Daha çok küçükken yani hayat hakkında hiç fikrim yokken; aşk tesadüfleri sever filminde geçen bir söz; beni bugün olduğum kişi yaptı. Şöyle diyordu;

''Hayat bir çerçeve gibidir.'' diyordu. Sonra oğluna; senin çerçeven çizilmiş onun dışına çıkamazsın diye devam ederken ilerleyen sahnelerde benim için epik olan kısma geliyordu. ''Mesele o çerçeve değilmiş, mesele o çerçevenin içine hangi resmi koyduğunmuş.'' Belki aylarca düşündüm bu metafor üzerinde. Gerçekten çerçevelerimiz sabit miydi, sadece çerçevenin içine koyduğumuz resimler kadar mı vardık?

Senin çerçeven çizilmiş, sınırların dışına çıkamazsın dediği için ben bunu kendi açımdan hayat pencere gibidir diye çevirdim. Çünkü çerçeveler çeşit çeşit olabilir ama bellidir. Peki ya hayata baktığımız pencereler?

Uzun tren yolculuğunda ki pencere, otobüs penceresi, araba penceresi, evimizin penceresi, gittiğim her yerde ilk pencereleri aradım. Çünkü onları açıp derin bir nefes alıyorduk. Tıpkı doğum gibi, tıpkı sabah uyanmak gibi, tıpkı bugün yeni hayatımın ilk günü demek gibi. Açılan pencereler her zaman umut vaat ediyordu. Mesela karanlık bir geceye açılmazdı hiç bir zaman pencere, hep güneşli günlere açılırdı. İlk cemre havaya düştüğü zaman; kış gelene kadar açık kalırdı pencereler. Nasıl ki kış durup dinlenme zamanı, yaz hareket, bereket. İşte açık pencerelerde benim için onunla özdeşmişti.

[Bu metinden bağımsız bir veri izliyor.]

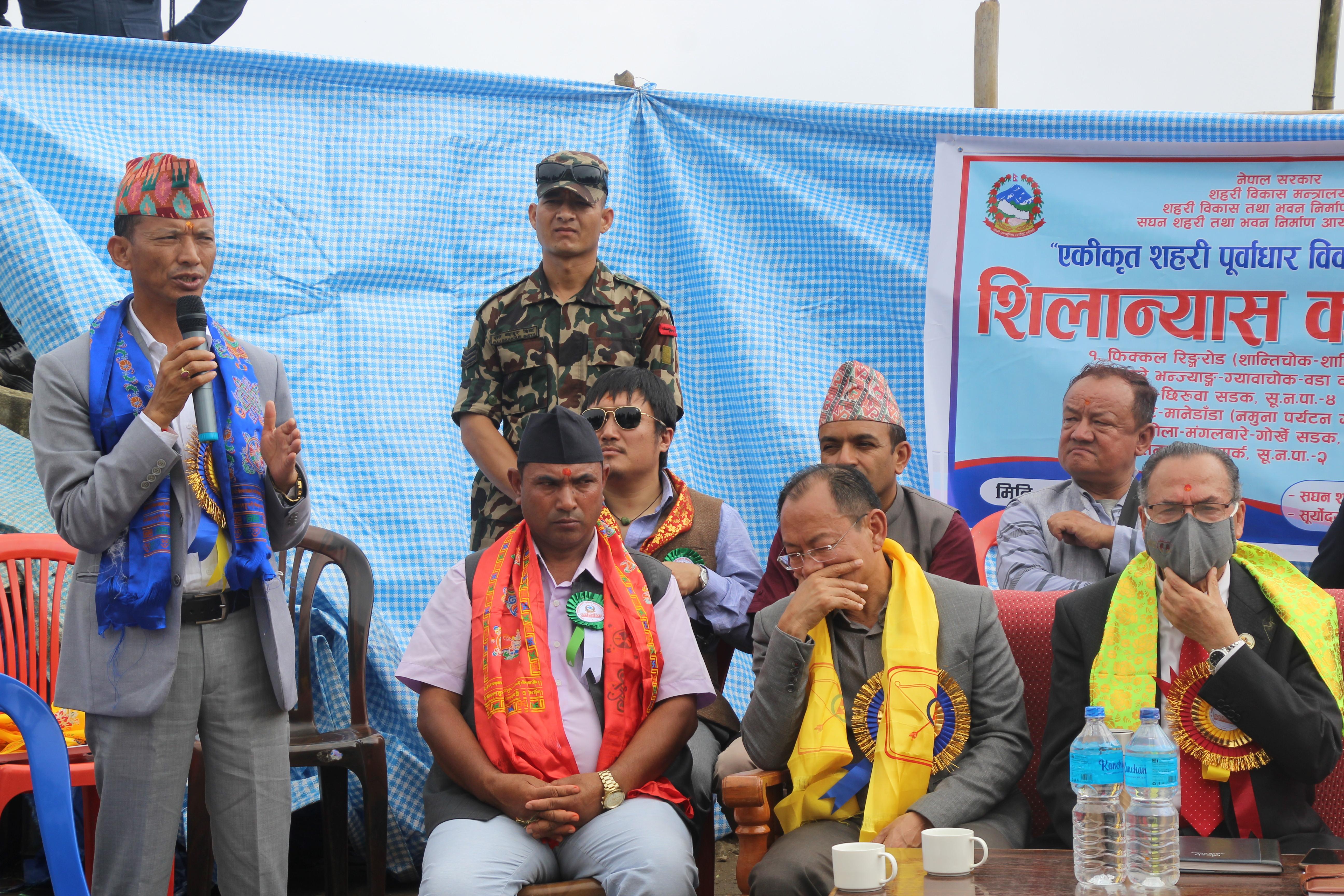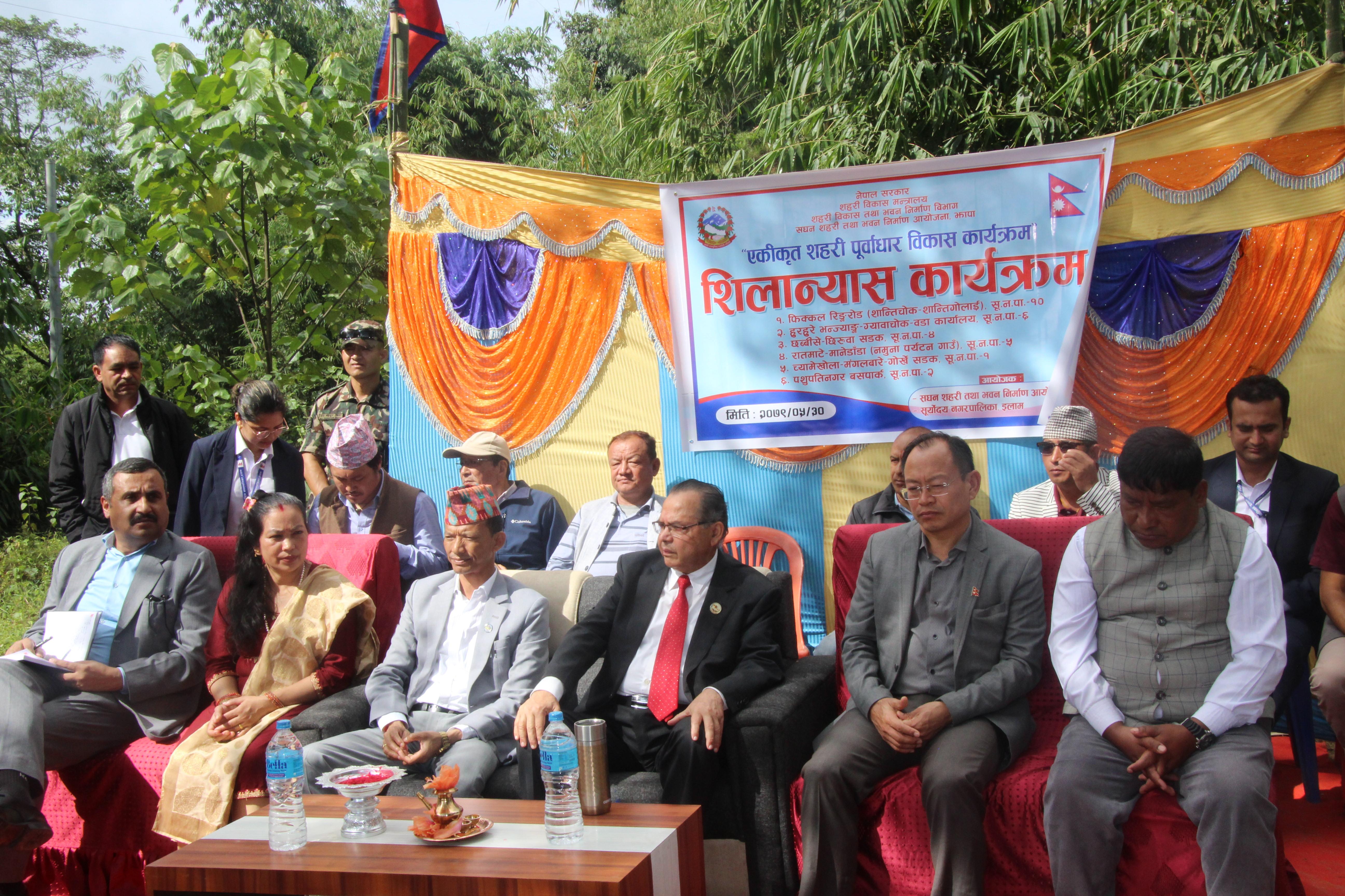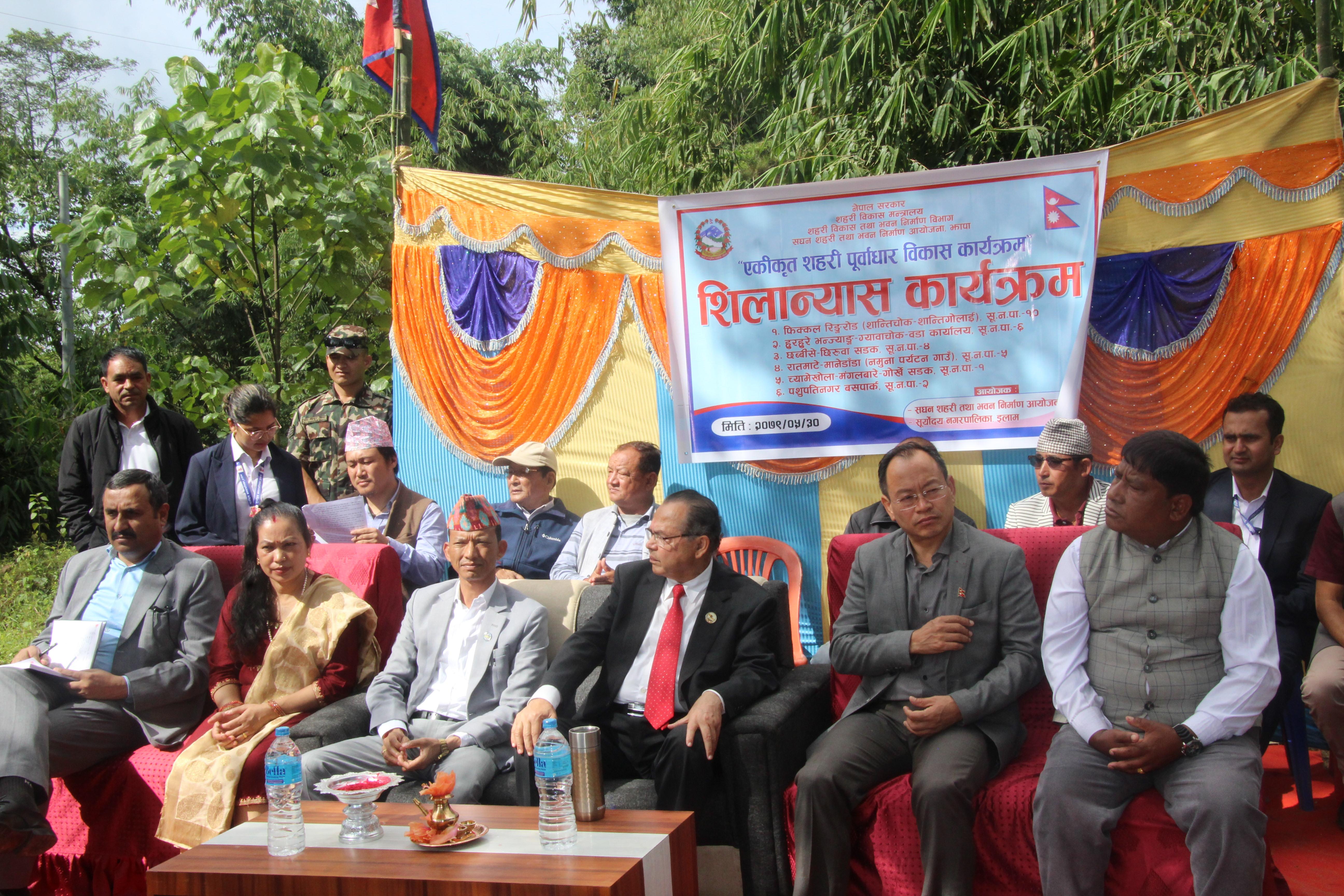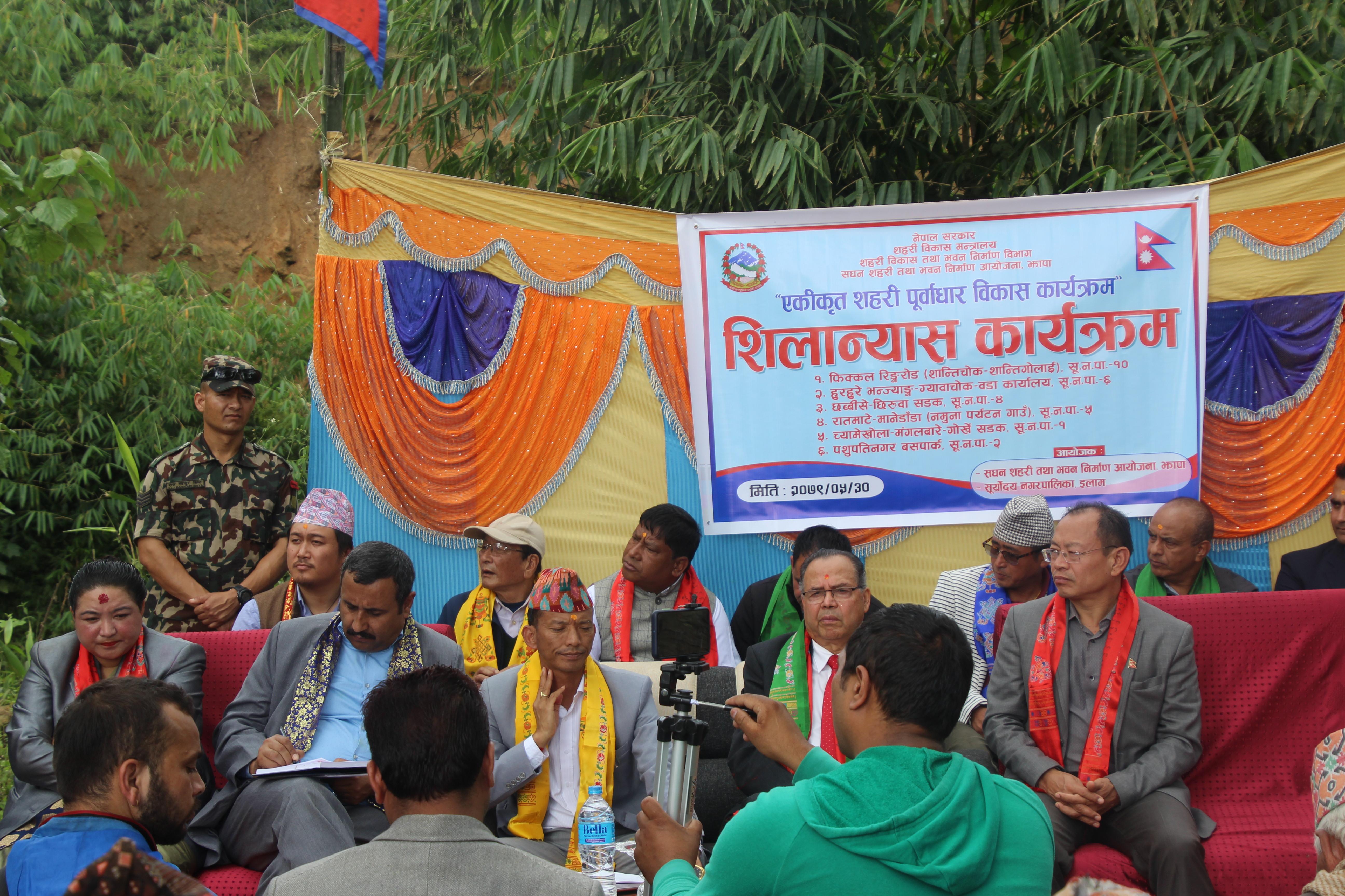 सूर्योदय नगरपालिका, इलामका विभिन्न स्थानमा एकीकृत शहरी पूर्वाधार विकास कार्यक्रमको शिलान्यास गर्नुहुँदै पूर्व प्रधानमन्त्री र माननीय शहरी विकास मन्त्री मेटमणि चौधरीज्यू
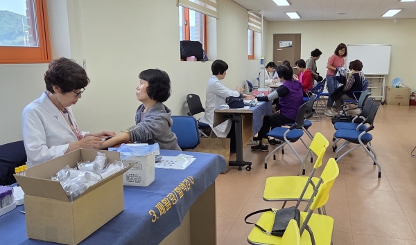 검진은 종합검진이 가능한 병원이 없는 지역 여건을 고려해 이동형 검진버스를 통해 진행됐으며 여성농업인 약 40여명이 참여해 높은 호응을 얻었다.
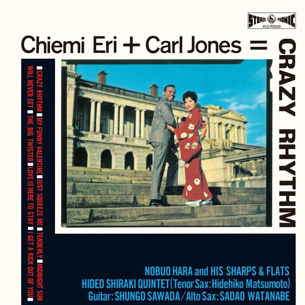 《A面》①クレイジー・リズム/②マイ・ファニー・ヴァレンタイン/③ジャスト・スクイーズ・ミー/④テンダリー 《B面》①つむじ風のブルース/②ミッドナイト・サン・ウィル・ネヴァー・セット/③ラヴ・イズ・ヒア・トゥ・ステイ/④アイ・ゲット・ア・キック・アウト・オヴ・ユー [ヴォーカル] 江利チエミ、カール・ジョーンズ [演奏] 渡辺貞夫(as)/松本英彦(ts)/沢田駿吾(g)/ 白木秀雄クインテット/原信夫とシャープス&フラッツ カール・ジョーンズとのコラボレーション・アルバム第2弾。渡辺貞夫、白木秀雄、シャープス&フラッツ等、演奏陣も豪華!
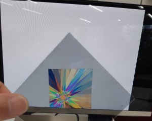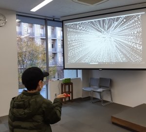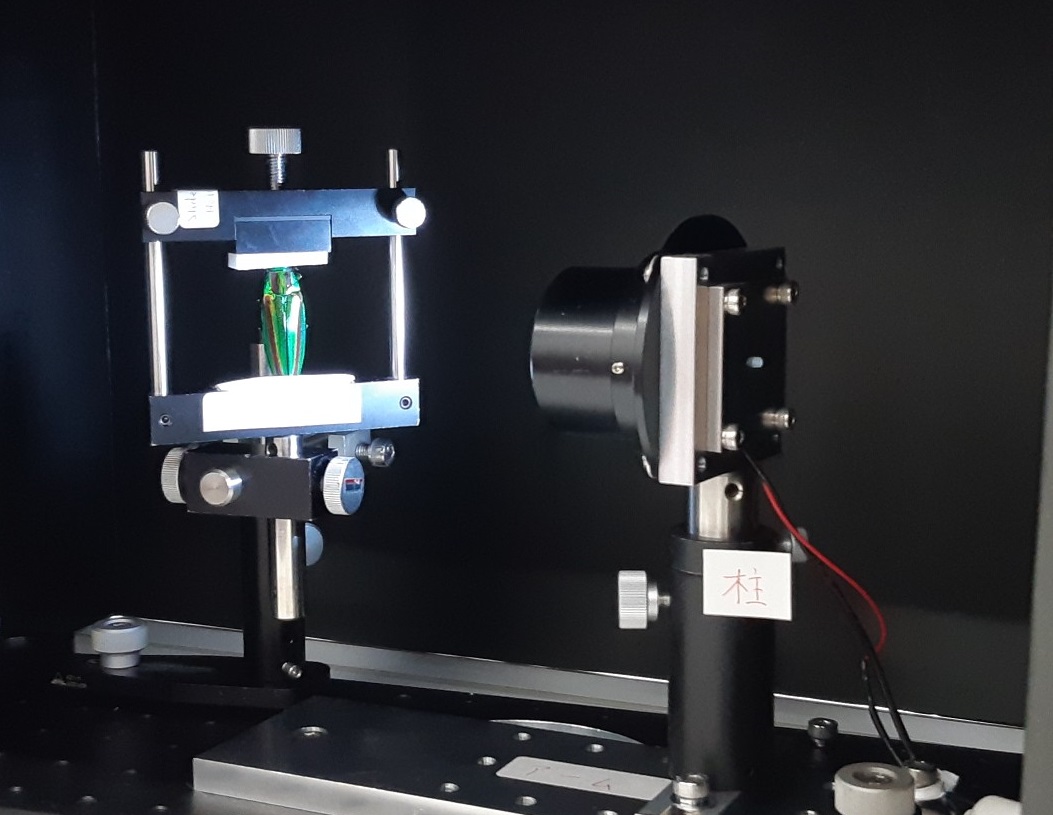 中嶋研究室は人の動きに合わせて映像が変化する「モーションセンサであそんでみよう」、宮島研究室はセロテープの旋光性を使った「テープを使ってにじいろステンドグラスを作ろう!!」と、タマムシの構造色についての説明を行いました。
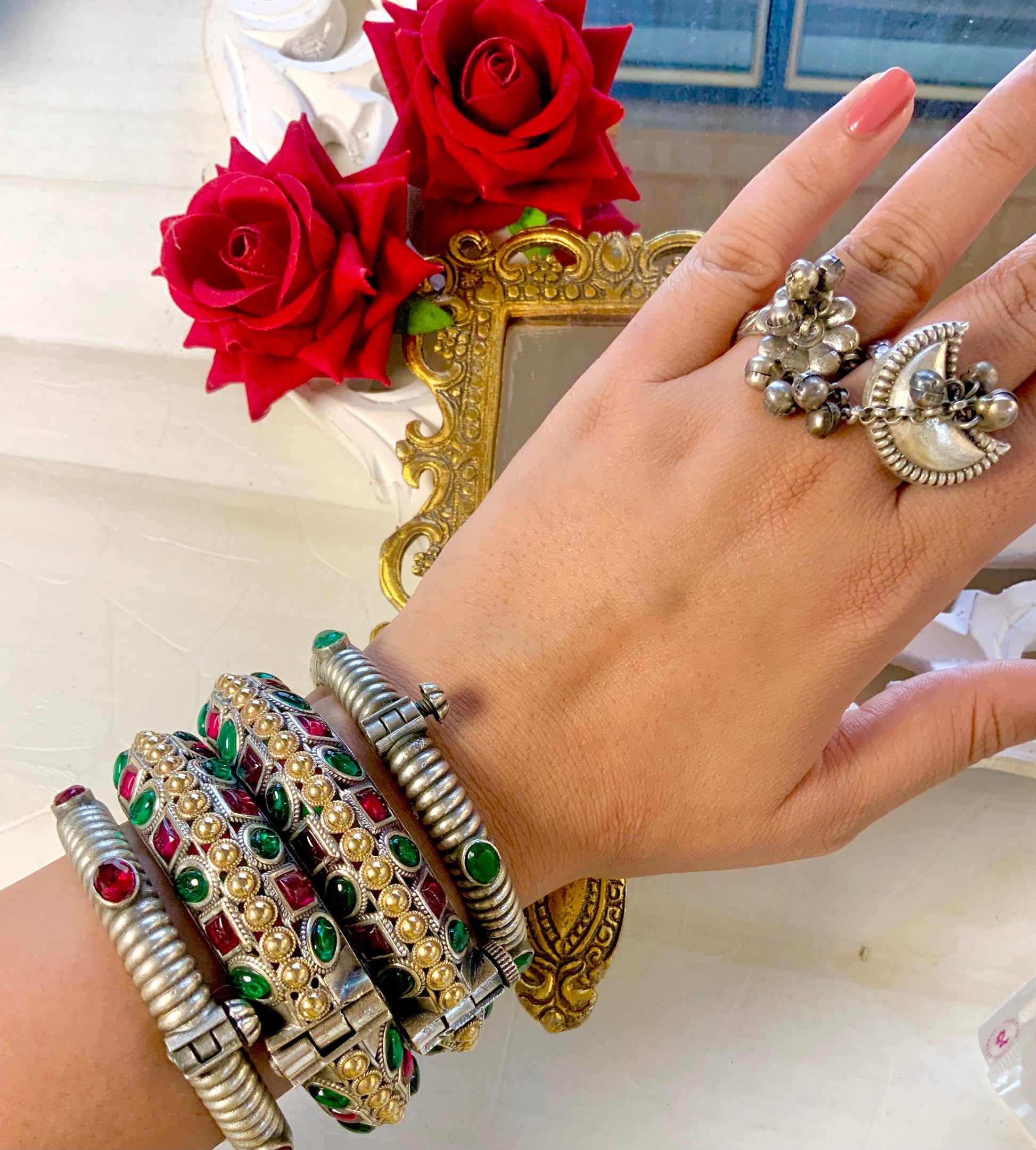 A dance of moonlight and blossoms. The Chaandphool Ring brings together a crescent moon motif and blooming florals, finished with ghungroo-like beads that echo with movement. Crafted in oxidized silver tones, it’s more than a ring — it’s a story of tradition, festivity, and the beauty of Indian crafts carried on your hand.
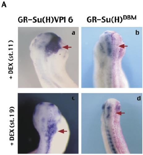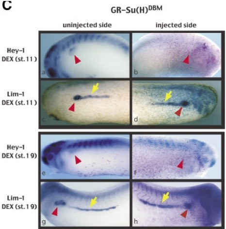 Fig. 4. Xenopus orthologue of the hairy related gene (XHey-1) is responsive to Notch signaling in the developing brain and pronephros. Embryos were injected with either GR-Su(H)VP16, GR-NotchICD, or GR-Su(H)D B M and induced with dexamethasone either early (between stages 11 and 13) or late (between stages 15 and 19). Injected embryos were cultured, fixed between stages 24 and 30, and processed for in situ hybridization. A: In the developing brain, XHey-1 is responsive to Notch signaling (between stages 11 and 19) independently of when signaling is perturbed. Activation of Notch signaling increases expression of XHey-1 on the injected side of the head [dark orange arrows; a,c; also see 4B (i,j)], whereas suppression of Notch signaling decreases expression of XHey-1 on the injected side of the embryo (dark orange arrows; b,d). B,C: In the pronephros, XHey-1 is responsive to Notch signaling; however, this responsiveness is sensitive to the time of induction of the injected con-
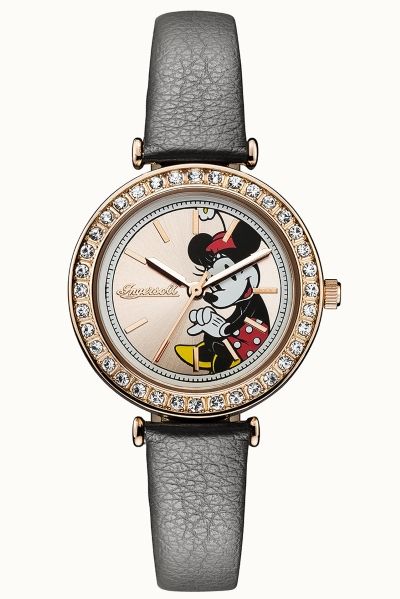 Украшенная инкрустированным камнями внешним безелем, и оснащенная ясным циферблатом с легендарным дизайном с Минни Маус, оказавшим влияние на производство часов с персонажами, модель Disney ID00302 представляет богатую историю компании Ingersoll, что делает ее обязательным аксессуаром в Вашем гардеробе.
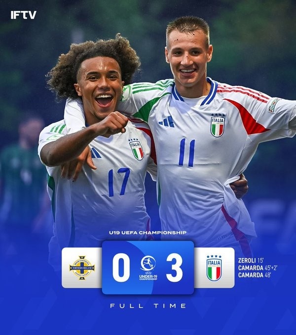 7月19日讯 今天,意大利U19在欧洲杯中3-0击败北爱尔兰,米兰青训小将卡马尔达梅开二度。
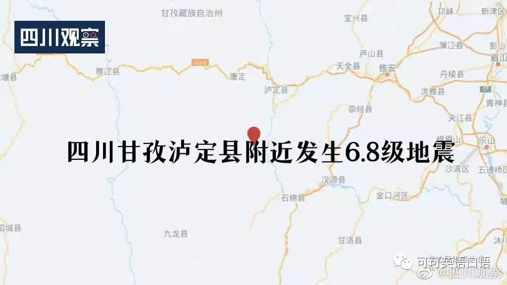 中国西部四川省山区发生6.8级地震。震中位于泸定镇,震源深度16公里,位于四川成都西南约180公里处。

Ayrıca pencereniz de sizinle hareket ediyordu, şekil değiştiriyordu. Ve en önemli kısım; pencerenizin manzarasıydı. Yani sabit bir pencerede otursanız bile manzaranız değişmeye devam edecekti. Tıpkı hayat gibi akışkandı. Oysaki fotoğraf, resim duruyordu. Onu hep ilk günkü gibi hatırlardık. Manzaralarsa ise; değiştikçe, dönüştükçe yaşamı iliklerinize kadar hissettirirdi. Her gün yürüdüğünüz sokakta yeni açılan mağaza misali....

Sanırım bu metafora uzunca süre o kadar çok bağlandım ki; aşamadığım her şeyi uzun otobüs yolculuklarıyla aşmaya başladım. Eğer halledemediğim bir sorun varsa hayatımda; durup dinleyemiyorsam onu. Veya bütün cesaretimle karşısına dikilip konuşalım ne oluyor diyemiyorsam hızlıca penceremi yanıma alıp, manzaramı değiştiriyordum. Manzaram ne kadar hareket eder ve ben aynı yerde durursam kabul edemediğim, içimde oturmayan her şey oturmaya başlıyordu. Önemli olan gerçekten de varmak değil; önemli olan yolculuktu.

Yolculuk uzun soluklu okuduğum cümle ise; varmak onun noktasıydı. Çünkü vardıktan sonra yeni bir yolculuk başlayacaktı, tıpkı noktadan sonra devam eden cümleler gibi.

Pencerelerimi her zaman yanımda taşıdım. Eğer olurda kendimden sıkılırsam onu evde bırakamadığım için manzaramı değiştirdim. İkisi de çözüm getirmiyorsa penceremi kapatıp bir süre karanlıkta otururum. Çünkü elbette mevsimler değişecek, gece gündüz olacak, karanlığa aydınlık doğacak ve değişim gelecek. Bazen bu değişimlerin gecesinde bazen de gündüzünde oluyoruz. Fark etmek lazım pencerenizi açık mı bırakmak istiyorsunuz yoksa kapatıp üstüne perdeler mi çekiyorsunuz?